Searching for sensitive content in SharePoint and OneDrive is now available worldwide for your use in your Office 365 environment. With this new capability, you can be better informed about what and where sensitive documents exist in SharePoint Online and OneDrive for Business. And having this information will help you work better with content owners to ensure protection of sensitive data.

Later this year we’ll introduce additional capabilities that go beyond simply discovering and reviewing sensitive content. These future capabilities will allow you to create policies that automatically detect sensitive content and apply protection based on your organization’s needs, such as taking actions like deletion of content or quarantine until further reviewed. You’ll also see us unify the entire compliance experience for you across Office 365, providing you with consolidated, built-in security controls at your fingertips. You can find out more about future investments by watching Overview of Compliance in SharePoint Online and Office 365, the SharePoint Conference 2014 session in which we shared these.

To learn more, please read the Use DLP in SharePoint Online to identify sensitive data stored on sites article on TechNet.

Thanks,

Wesley and Shobhit

Frequently Asked Questions

Q. I’m not seeing any sensitive content for eDiscovery queries. What can I do to change this?

A. Documents need to be scanned before they will show up in query results. Our scan process is built into the SharePoint Online Search crawler, so as you upload or edit documents, they will be scanned or rescanned if a version of the document already exists. This article provides a comprehensive outline of content discovery and search in SharePoint. Many of the topics in the article may be of interest to you, but sections about crawls and managing the search schema may be of particular use for this topic.

Q. Why do my DLP queries have no results in Exchange?

A. We are prioritizing bringing the ability to perform DLP queries on data in SharePoint Online first, based on customer feedback, and will be considering Exchange for future updates.

Q. What are the different files types that can be detected with this capability?
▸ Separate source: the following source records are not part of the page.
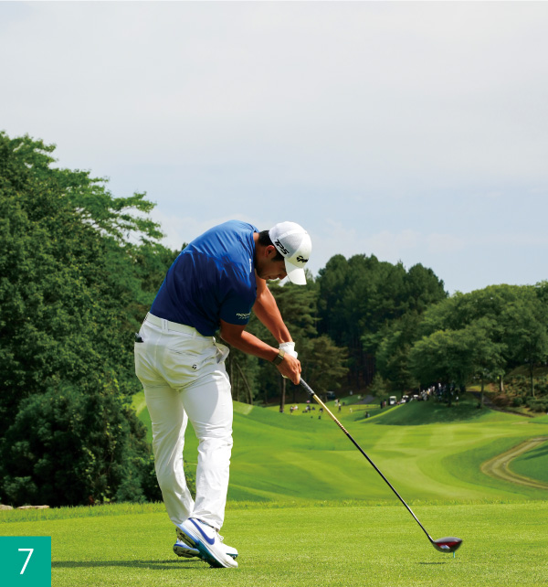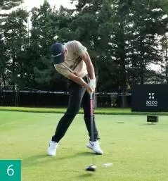 ダウンスイングでも下半身を先に踏み込んで上半身が下りてくるのでヘッドが加速しています(写真5)。インパクトからフォローにかけては左腰がしっかり回っているので、体を回転させるパワーによってヘッドスピードを上げることができる。効率良く体を使うことで、スリムな体型でも平均飛距離300ヤードを超えるドライバーショットが打てるのです。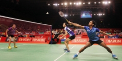 Atlet bulutangkis Indonesia Edi Subaktiar (kedua kanan) dan Melati Daeva Oktaviani (kedua kiri) belajar membatik di sela-sela acara makan malam bersama Djarum Indonesia Open Super Series 2013 di Hotel Sultan, Jakarta, Selasa (11/6/2013). Acara kali ini mengangkat batik Indonesia yang bertujuan mempromosikan dan memperkenalkan batik kepada para atlet bulutangkis yang berlaga di ajang Djarum Indonesia Open Super Series 2013.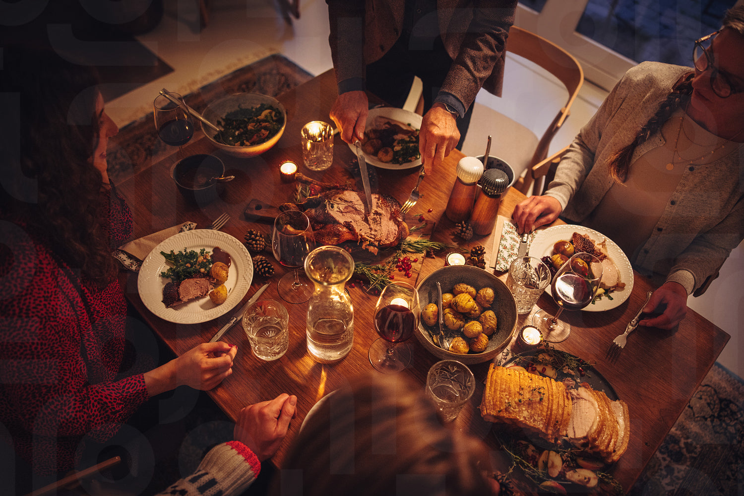 Top view of dining table during Christmas dinner at scandinavian home. Senior man serving roasted turkey to family.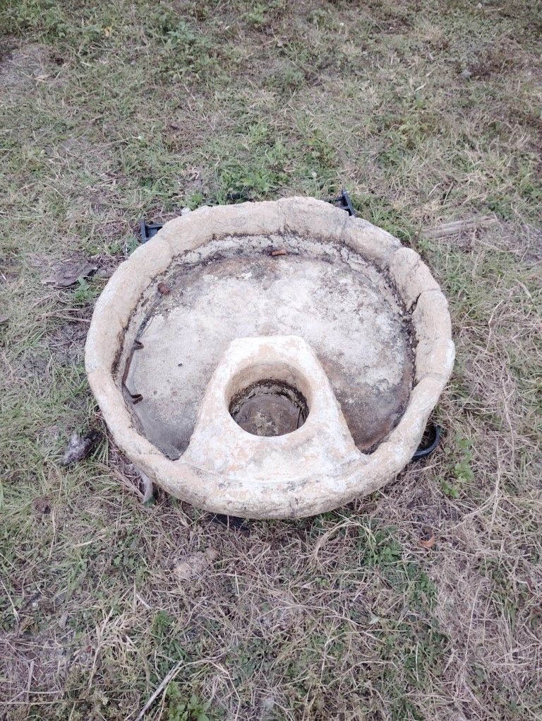 Fountain Base is in great shape. Needs pressure washed. It's not fragile, has 4 holes for tubes or mounts, definitely well made. Could also be used as a bird bath.
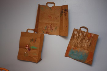 I cut the bag open much like you do when making book covers and gave each kid one half of a brown bag to draw on. They were so excited at the big space to draw in. And they loved the fact that white crayon showed up on brown paper. Equally exciting was the fact that it had a handle for hanging.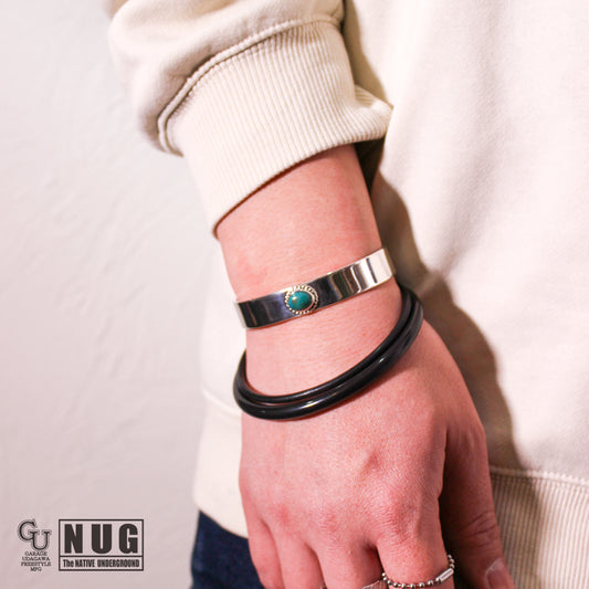 キングマンターコイズ シルバー ハンドメイドスタンプバングル #9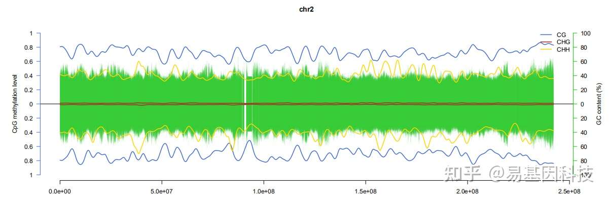 从染色体水平来描述甲基化 C 碱基的的分布情况(仅>50M 的序列)。绿色细线表示以 10kb 的窗口统计甲基化 C 碱基的密度在染色体上的分布情况,光滑曲线则表示不同类型甲基化C 碱基( CG、CHG 和 CHH )的密度分布。

A. You can find a list of the file types that we support in SharePoint here.

Q. Will this scan the OneDrive for Business documents as well?
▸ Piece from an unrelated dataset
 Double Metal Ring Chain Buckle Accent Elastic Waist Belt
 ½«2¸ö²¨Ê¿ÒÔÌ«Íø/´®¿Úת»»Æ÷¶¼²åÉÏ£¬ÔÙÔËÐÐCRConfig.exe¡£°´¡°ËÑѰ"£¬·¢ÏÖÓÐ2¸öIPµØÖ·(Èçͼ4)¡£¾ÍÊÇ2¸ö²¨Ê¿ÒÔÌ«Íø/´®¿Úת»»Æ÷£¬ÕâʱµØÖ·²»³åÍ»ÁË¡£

A. Yes, the eDiscovery Center will get search results from Site Collections and any OneDrive where you have granted it access. This is covered in more depth in our documentation.
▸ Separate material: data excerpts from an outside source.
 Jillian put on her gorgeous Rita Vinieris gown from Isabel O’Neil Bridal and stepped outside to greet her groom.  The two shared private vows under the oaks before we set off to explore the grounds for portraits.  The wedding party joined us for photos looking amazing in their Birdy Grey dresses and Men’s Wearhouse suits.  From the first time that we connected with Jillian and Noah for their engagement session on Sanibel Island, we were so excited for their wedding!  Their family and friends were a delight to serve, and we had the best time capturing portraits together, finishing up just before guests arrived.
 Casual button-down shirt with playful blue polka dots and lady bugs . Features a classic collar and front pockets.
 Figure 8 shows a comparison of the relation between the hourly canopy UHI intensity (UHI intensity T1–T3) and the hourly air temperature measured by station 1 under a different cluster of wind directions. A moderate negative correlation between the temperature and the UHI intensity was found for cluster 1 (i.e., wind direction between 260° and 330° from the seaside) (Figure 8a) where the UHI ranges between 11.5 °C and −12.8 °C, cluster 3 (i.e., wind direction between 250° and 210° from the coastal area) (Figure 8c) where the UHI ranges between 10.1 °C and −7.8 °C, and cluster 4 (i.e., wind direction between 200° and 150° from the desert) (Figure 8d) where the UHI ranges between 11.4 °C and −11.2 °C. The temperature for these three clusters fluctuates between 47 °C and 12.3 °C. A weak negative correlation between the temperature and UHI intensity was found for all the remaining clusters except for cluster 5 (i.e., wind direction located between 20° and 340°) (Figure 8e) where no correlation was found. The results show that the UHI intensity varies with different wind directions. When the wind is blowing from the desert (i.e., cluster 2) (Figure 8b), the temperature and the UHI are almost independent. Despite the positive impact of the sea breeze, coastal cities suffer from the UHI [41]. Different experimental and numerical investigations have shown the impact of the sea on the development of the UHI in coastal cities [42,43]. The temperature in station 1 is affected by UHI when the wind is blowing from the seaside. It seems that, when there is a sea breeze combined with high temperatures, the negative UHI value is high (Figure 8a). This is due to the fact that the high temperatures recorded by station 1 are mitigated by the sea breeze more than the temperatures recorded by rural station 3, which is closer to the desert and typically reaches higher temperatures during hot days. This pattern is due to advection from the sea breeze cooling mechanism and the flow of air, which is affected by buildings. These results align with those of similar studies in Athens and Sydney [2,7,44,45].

Q. Are these features available for on-premises SharePoint releases?

A. While today we are bringing this capability to our SharePoint Online customers, based on customer feedback we will be considering this capability for future SharePoint on-premises releases as well.

Q. What are the future plans for DLP in SharePoint?

A. DLP in SharePoint is an ongoing investment and with this new capability we are laying the stepping stone for more improvements. Later this year we will introduce additional capabilities that go beyond simply discovering and reviewing sensitive content. These new capabilities will allow you to create policies that automatically detect sensitive content and apply protection based on your organization’s needs.

Q. I would like to participate in the early adopters plan for DLP in SharePoint, especially for the features coming up later this year. What can I do to participate?

A. The best way to try the new features in Office 365 is via the Office 365 First Release program. If you would like to get access earlier, please work with your account team to get an even earlier preview and provide your valuable feedback!